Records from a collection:
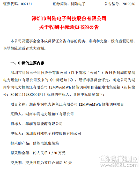 近日,科陆电子在公众平台表示,公司2018年中标AGC储能调频项目中标共计8个,已有7个项目均已交付或投运。
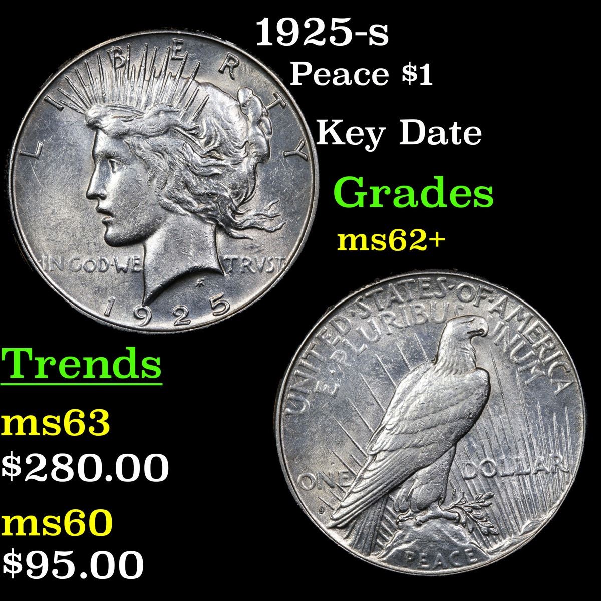 1925-s Key Date . Peace Dollar $1 Grades Select Unc.
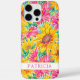 Passen Sie diese farbenfrohe moderne gelbe Sonnenblumen mit rosa Zinnien-Malerei iPhone 16 Pro Max Hülle mit Ihrem Namen in einer trendigen modernen CAP-Schrift in Rosa auf Weiß an. Es ist so schön und fröhlich!
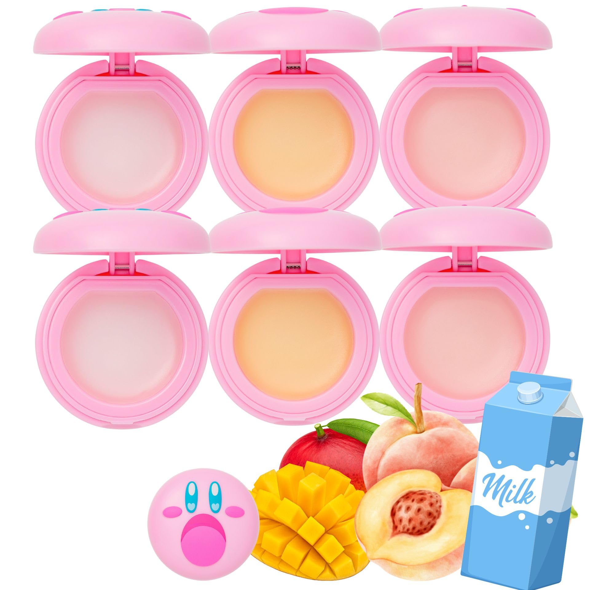 Lovisia Kirby 6 Count Cute Lip Balm for Women Natural Lip Balm for Dry Lips with Vitamin E Honey & Matcha Made in Japan Shea Butter Lip Balm for Mix Scents Milk + Peach + Mango
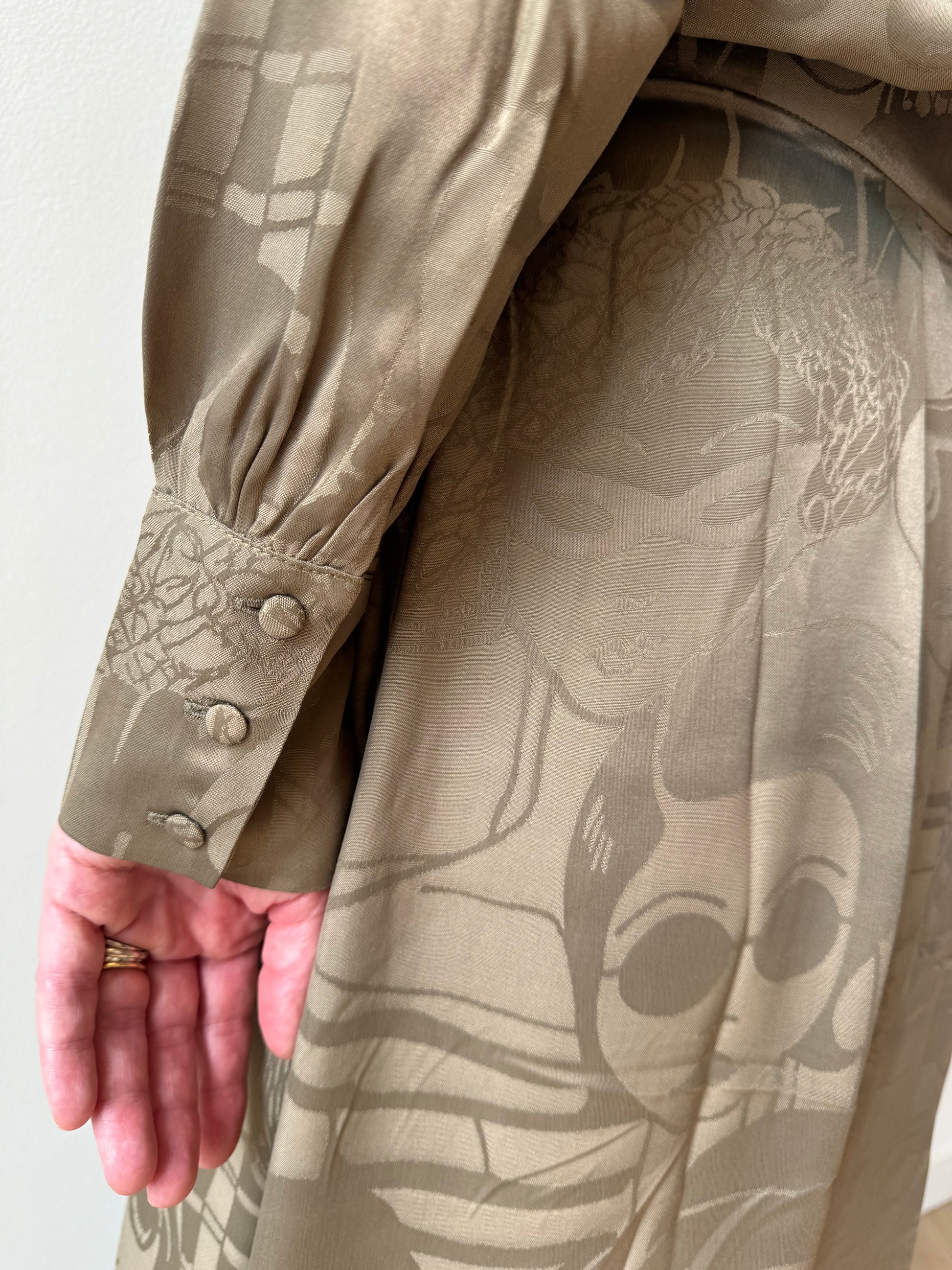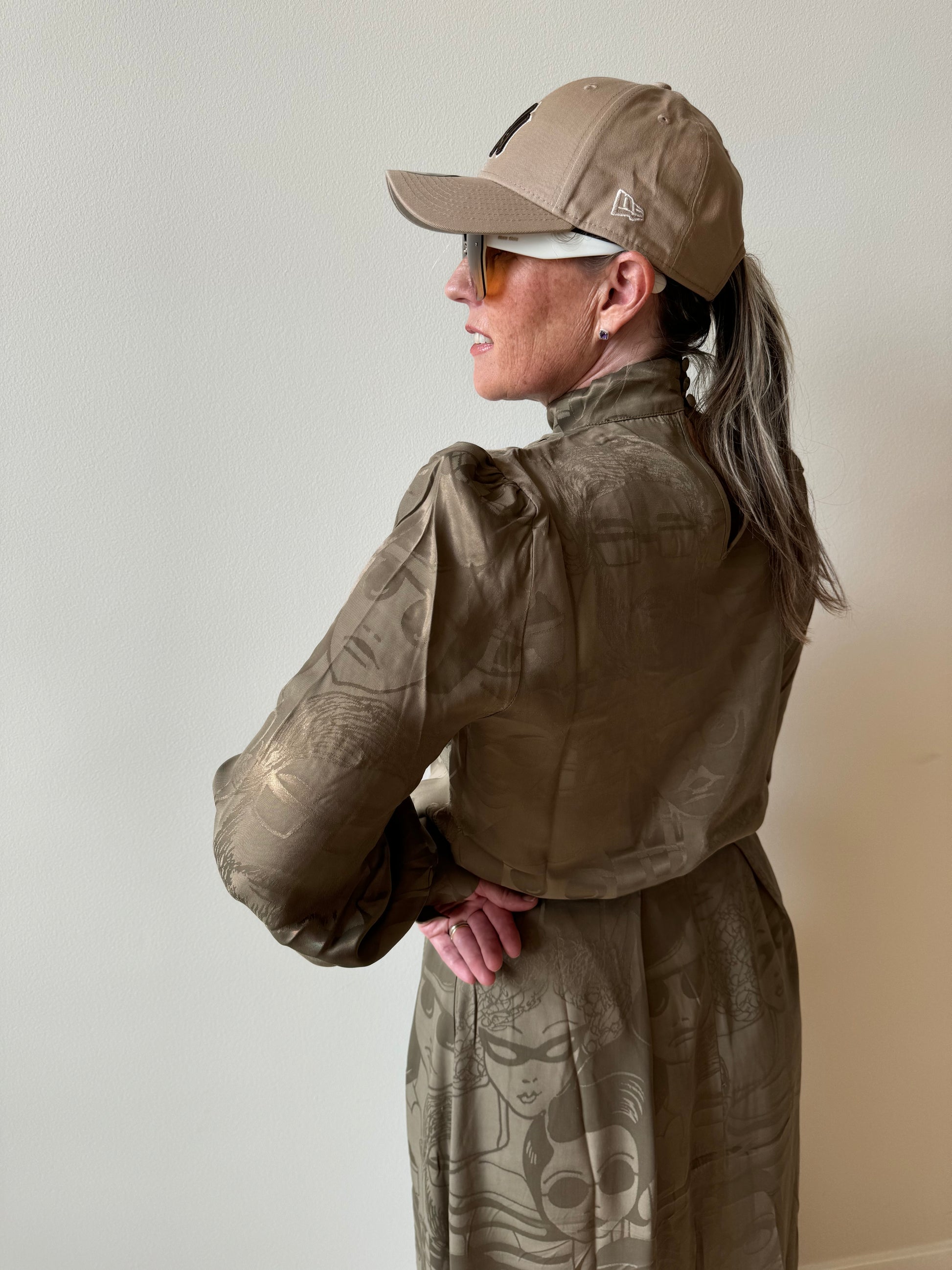 Bowie blouse in olive with printed faces that features a turtleneck and elegant cuffs with three buttons, beautifully finished for a timeless and chic look. Pairs perfectly with the matching ‘Elle’ skirt for a refined, coordinated look. Love the full set? Be sure to check out the co-ord option as a separate item. This piece is sold individually.

• WHAT THE TASK REQUIRES: Write every record out again exactly, omitting the pictures they hold.

• EXPECTED ANSWER:
 近日,科陆电子在公众平台表示,公司2018年中标AGC储能调频项目中标共计8个,已有7个项目均已交付或投运。
 1925-s Key Date . Peace Dollar $1 Grades Select Unc.
 Passen Sie diese farbenfrohe moderne gelbe Sonnenblumen mit rosa Zinnien-Malerei iPhone 16 Pro Max Hülle mit Ihrem Namen in einer trendigen modernen CAP-Schrift in Rosa auf Weiß an. Es ist so schön und fröhlich!
 Lovisia Kirby 6 Count Cute Lip Balm for Women Natural Lip Balm for Dry Lips with Vitamin E Honey & Matcha Made in Japan Shea Butter Lip Balm for Mix Scents Milk + Peach + Mango
 Bowie blouse in olive with printed faces that features a turtleneck and elegant cuffs with three buttons, beautifully finished for a timeless and chic look. Pairs perfectly with the matching ‘Elle’ skirt for a refined, coordinated look. Love the full set? Be sure to check out the co-ord option as a separate item. This piece is sold individually.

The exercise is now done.